With no social or professional groups of our own, Canadians were mere appendages of institutions like Tokyo American Club and the ACCJ. Since there was no such thing as “social media,” about the only way to convene a gathering of Canadians was to put a notice in the Tokyo Weekender: “Come listen to the Stanley Cup final over the phone at Bar X in Roppongi!”
Still, changes had been afoot since 1970, following Canada’s highly successful participation in Osaka’s Expo. A new generation of Canadians arrived to study and to teach. And Japan’s rapidly expanding industries were hungry for Canadian resources.

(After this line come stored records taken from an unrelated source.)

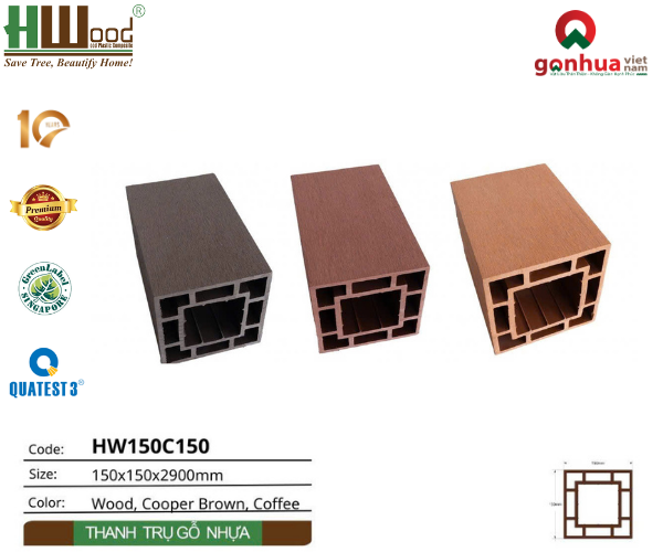Trụ gỗ nhựa ngoài trời thương hiệu Hwood HW150C150 được làm từ vật liệu composite (bao gồm bột gỗ, nhựa HDPE và chất phụ gia, gồm: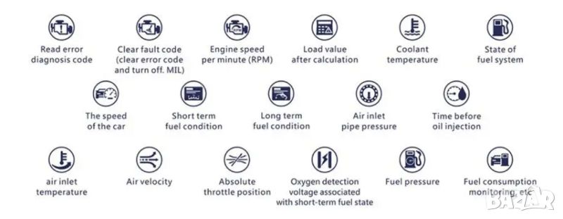 Кодочетец с функции ЧЕTEHE и ИЗТРИВАНЕ на кодове за грешки. Базата данни в диагностичните приложения съдържа повече от 3000 кода за неизправности, както и кратко описание на проблемите.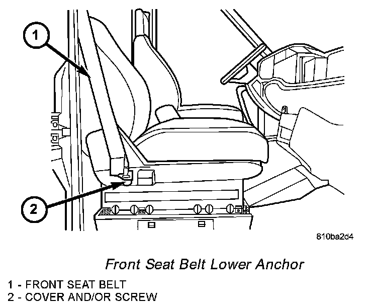 3. If the vehicle is so equipped, unsnap and remove the plastic cover from the screw that secures the front seat belt lower anchor to the outboard side of the seat frame.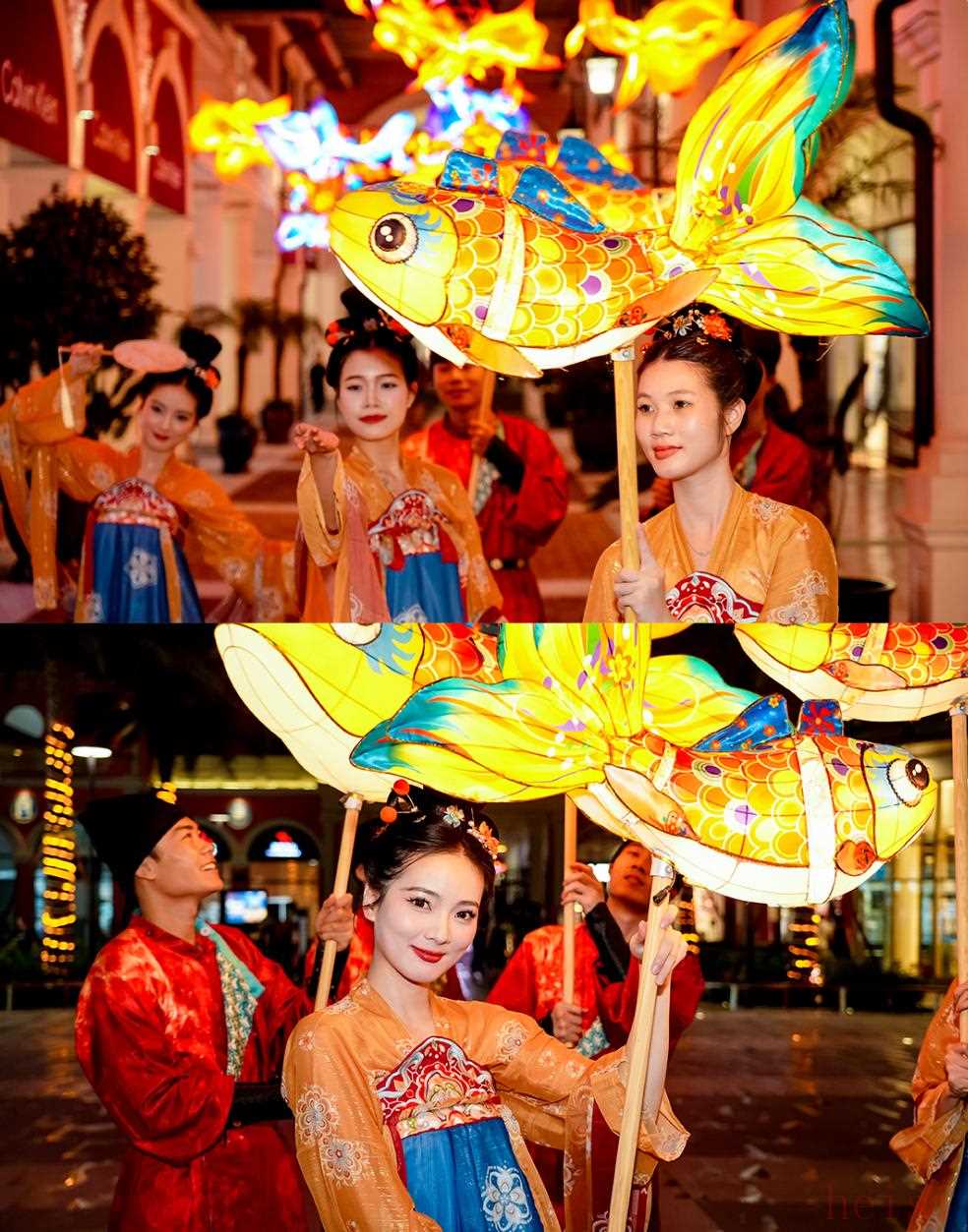 借十周年庆典契机,佛罗伦萨小镇以鱼灯为核心载体,融合中秋、国庆双节氛围打造灯光节,让市民游客领略意式风情+岭南文化的双重魅力:

By 1975, a handful of Canadian companies had opened offices in Tokyo, typically headed by expats sent over with little knowledge of Japan or its language. As Robin Sears explains in the following article, their days were filled with frustration. Consequently, consensus emerged that a purely Canadian space was needed in which to commiserate over the obstacles they shared. And that is what led to the founding of the CBAJ.
Others were also making efforts to build a sense of community. Bruce Rankin, Canada’s ambassador in the mid-’70s, established the tradition of holding a barbeque in the official residence garden (much to the chagrin of some successors).

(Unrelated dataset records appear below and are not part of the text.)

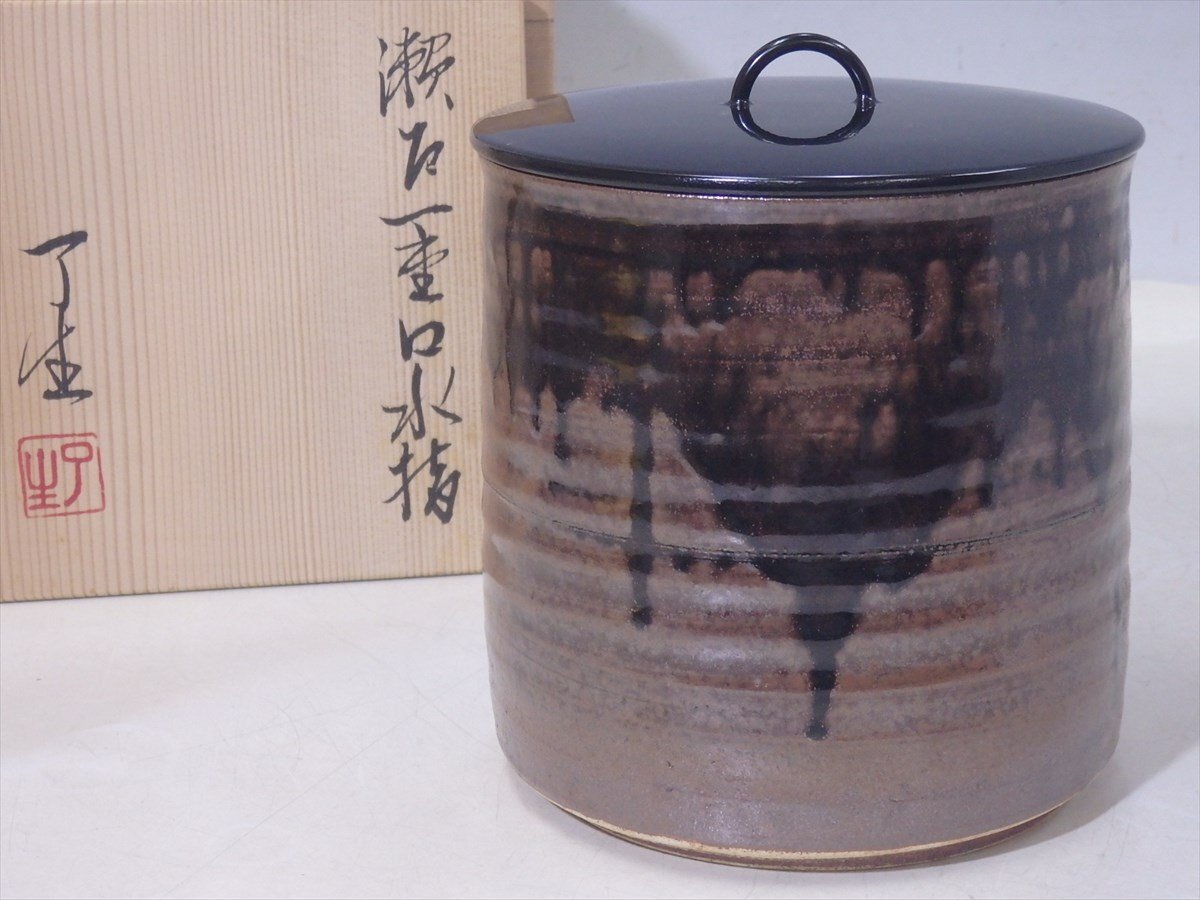 > ★状態良好!山月窯 川本了生【瀬戸一重口水指 共箱】蓋は木製真塗り 直径15.3cm 高さ17.5cm 茶道具 茶器 参考価格21800円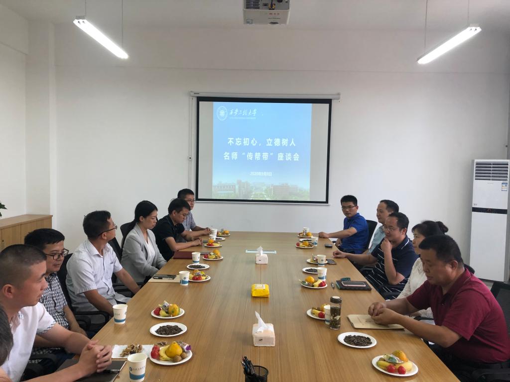 9月8日下午,jdb电子中国官方网站“不忘初心立德树人,名师‘传帮带’”座谈会在临潼校区7号楼310会议室举行,学院党委书记王鸣媛、学院分工会主席金守峰、部分优秀教师代表及青年教师参加了会议,会议由jdb电子中国官方网站分工会主席金守峰主持。
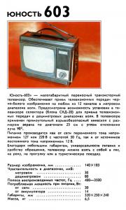 Телевизор ''Юность-2'' в 1973 году был модернизирован в ''Юность-602'' (УПТ-23-VI). В 1974 года телевизор был переименован в ''Юность-603'' (ПТ23-VI-3). Затем в 1975 году в телевизор ''Юность Р-603''. Параметры и внешнее оформление всех трёх моделей практически одинаковы. Что обозначает буква ''Р'' выяснить не удалось. Пластмассовый футляр телевизора ''Юность-603'' (Р-603) с отделкой боковин из искусственной кожи (в небольшой серии). Выпускался телевизор с различными вариантами оформления. Работает он в диапазоне МВ а при установке блока СКД-20 и в ДМВ диапазоне. Справа расположены; ручка настройки ДМВ, ручка включения, совмещённая с регулятором яркости, кнопки переключения МВ-ДМВ диапазонов и антенн, гнёзда внешних антенн. Сзади расположен разъём питания 220/12 В. На передней панели находится ручка ПТК и гетеродина. Другие ручки на ходятся наверху и сзади. В схеме модели имеется ряд автоматических регулировок. Возможно прослушивание звука на головные телефоны. Чувствительность модели 30 мкВ, разрешающая способность - 350 линий. Выходная номинальная мощность - 0,3 Вт. В АС используется динамик 0,5ГД-30, вместо 0,5ГД-17 (модели 2/602). Размеры телевизора 320х250х240 мм. Вес 6,5 кг. Цена - 257/260 рублей.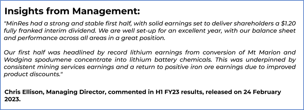 MinRes announces dividends on a semi-annual basis. The company had declared an interim dividend of AUD 1.20 apiece with an ex-date of 9 March 2023 and a pay date of 30 March 2023. The distribution was 100% franked.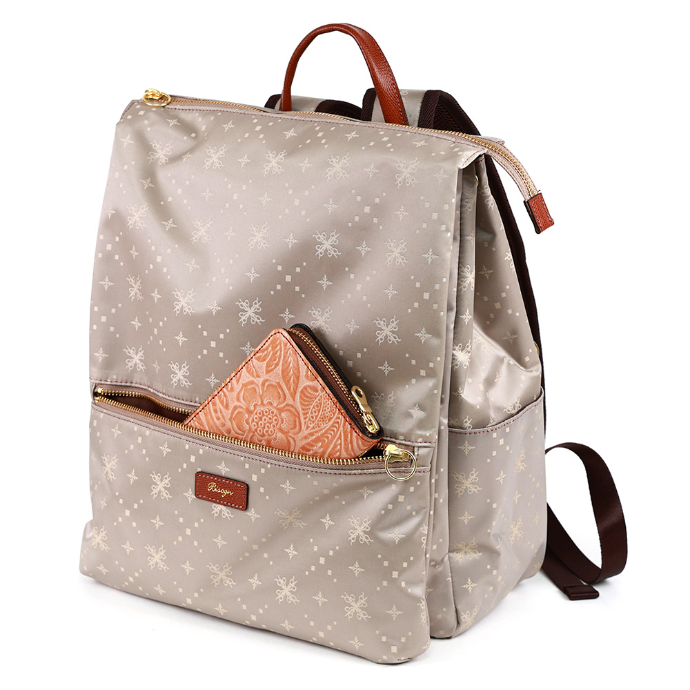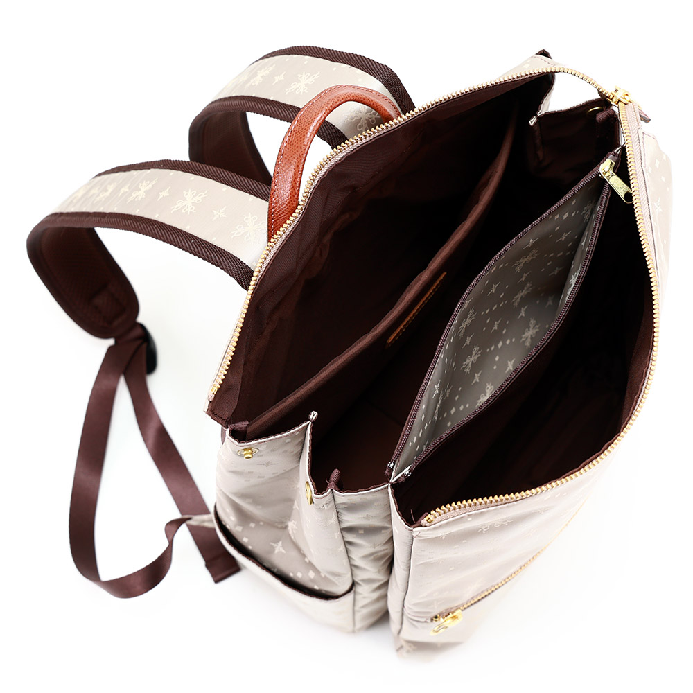 - 前面のファスナーポケットは長財布も収納OK。 出し入れする機会の多い小物類の収納に。

It was 1978 though that saw the first edition of the defining and enduring event of the Chamber and Tokyo’s Canadian community: the Maple Leaf Ball. On November 15, we will hold our gala event for the 47th time at a glamorous new venue: the Fairmont Tokyo on the Shibaura waterfront.

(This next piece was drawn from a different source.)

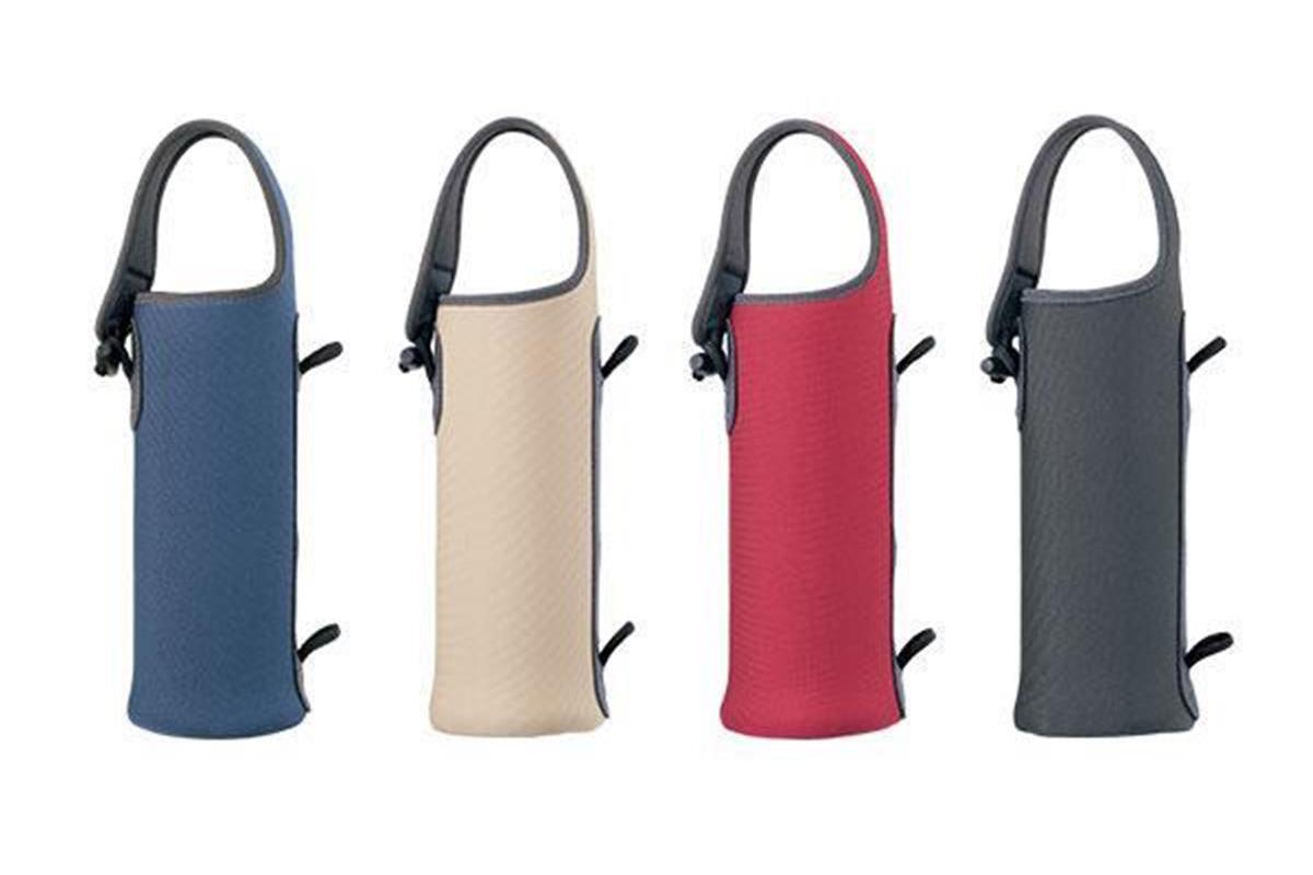 ウエットスーツにも使われる弾力性のあるストレッチ素材の生地。カバーは自立しやすい構造で洗濯できる。3カ所ある留め具に持ち手をつけ替えることで、3通りの持ち方ができ、トートバッグやリュックに引っ掛けることや、手や腕にかけて持ち歩くことが可能。カバーをつけたままでも飲みやすい本体形状。せんが回しやすい「滑り止めつき」。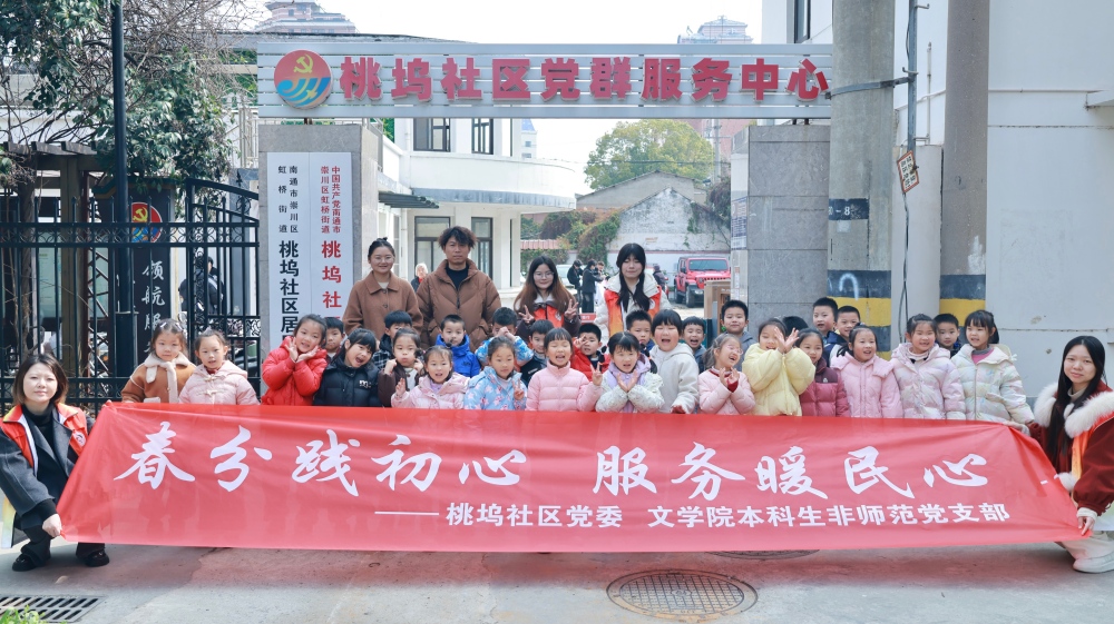 3月20日,“茉莉花开・艺通江海”文艺直通车开进南通市崇川区虹桥街道桃坞社区新时代文明实践站。当天,桃坞社区党委、工会、妇联、关工委联合南通大学文学院本科生非师范党支部、市级机关第二幼儿园等共建单位共同开展“春风践初心,服务暖民心”主题活动,让社区居民与幼儿园师生在便民服务中感受志愿温度,在民俗体验中领略春分节气与“二月二”传统文化魅力,进一步弘扬中华优秀传统文化,营造邻里和睦、温馨和谐的社区氛围。

Throughout the Chamber’s first 25 years, a cadre of dedicated community builders spearheaded its growth. To mention a few notable names: Rosemary Bonderud, Tony Buckley, Norm Doole, Kaz Ebihara, Bob Fairweather, Roger Otley, Michelle Brazeau & John Powles, Paul Summerville and John Treleaven.
Perhaps the most avid community builder was Ivan Bumstead, Alberta’s wonderful and long-serving Agent-General in the ’80s and ’90s. He realized that Canada had a growing but untapped network of potentially useful agents in companies and communities across Japan: young Canadians who were learning Japanese and finding positions in all sorts of unlikely places. He often cited the example of world’s largest fire extinguisher maker where the lone foreign staffer was a Quebecois guy—but no one at the embassy knew him.
By the late ’80s, the CCCJ was well-established and thriving—but it was more ‘corporate’ than today, and not overly welcoming to younger folks looking to transition from English-teaching gigs to career jobs. So Ivan spearheaded the formation of the Tokyo Canadian Club (TCC) with its signature “first Thursday of every month” pub night. Sadly, after more than three decades the TCC faded out in recent years.
Filling the gap, the CCCJ has done excellent job of widening its scope with meet-and-greet events that open doors for younger people and new arrivals—both Canadians and Japanese interested in Canada. Long may that continue!
Rumor has it they’re still trapped in the archives: Neil Van Wouw (Governor), Marc Bolduc (CCCJ Chair), Kayo Ito (Governor), John R. Harris (editor) and Seiji Omote (Governor) researching this issue in the CCCJ morgue.
The Imperial couple in the photobooks of past Galas (see page 19). The CCCJ has books of photos of Maple Leaf Balls through the years, though our archives are not what they once were!
“Those of you with no memory of the 20th Century must be hard-pressed to grasp just how far Japan was from Canada in the 1970s and ’80s, and how few the links were between Canadians living here.”